[SOURCE MATERIAL]
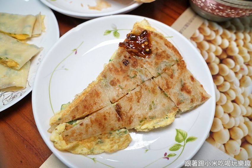 蔥油餅加蛋,他的蔥油餅也是屬於比較一個脆皮的口感,配著小辣椒,也有不同風味的享受啊。
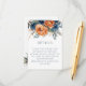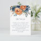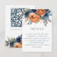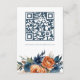 Détails de mariage avec des florales bleu marine et orange brûlée. Des florales rustiques et un texte moderne simpliste avec un code QR pour que vos invités scannent pour visiter votre site web de mariage. Changez l'URL d'exemple par votre URL de site web pour que votre code soit généré automatiquement.
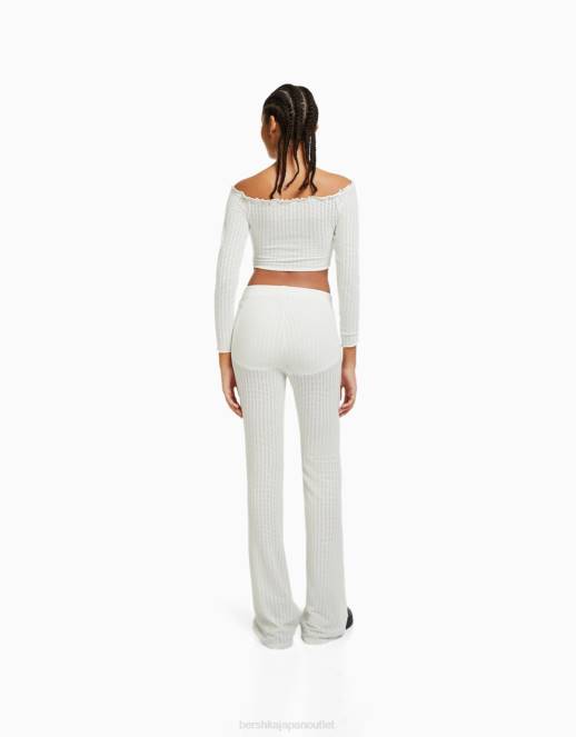 女性 Bershka オープンニットフレアパンツ 60442041 衣類 クリーム

[TASK TO CARRY OUT] Repeat all the material exactly, but keep pictures out of the copy.

[SOLVED EXERCISE]
 蔥油餅加蛋,他的蔥油餅也是屬於比較一個脆皮的口感,配著小辣椒,也有不同風味的享受啊。
 Détails de mariage avec des florales bleu marine et orange brûlée. Des florales rustiques et un texte moderne simpliste avec un code QR pour que vos invités scannent pour visiter votre site web de mariage. Changez l'URL d'exemple par votre URL de site web pour que votre code soit généré automatiquement.
 女性 Bershka オープンニットフレアパンツ 60442041 衣類 クリーム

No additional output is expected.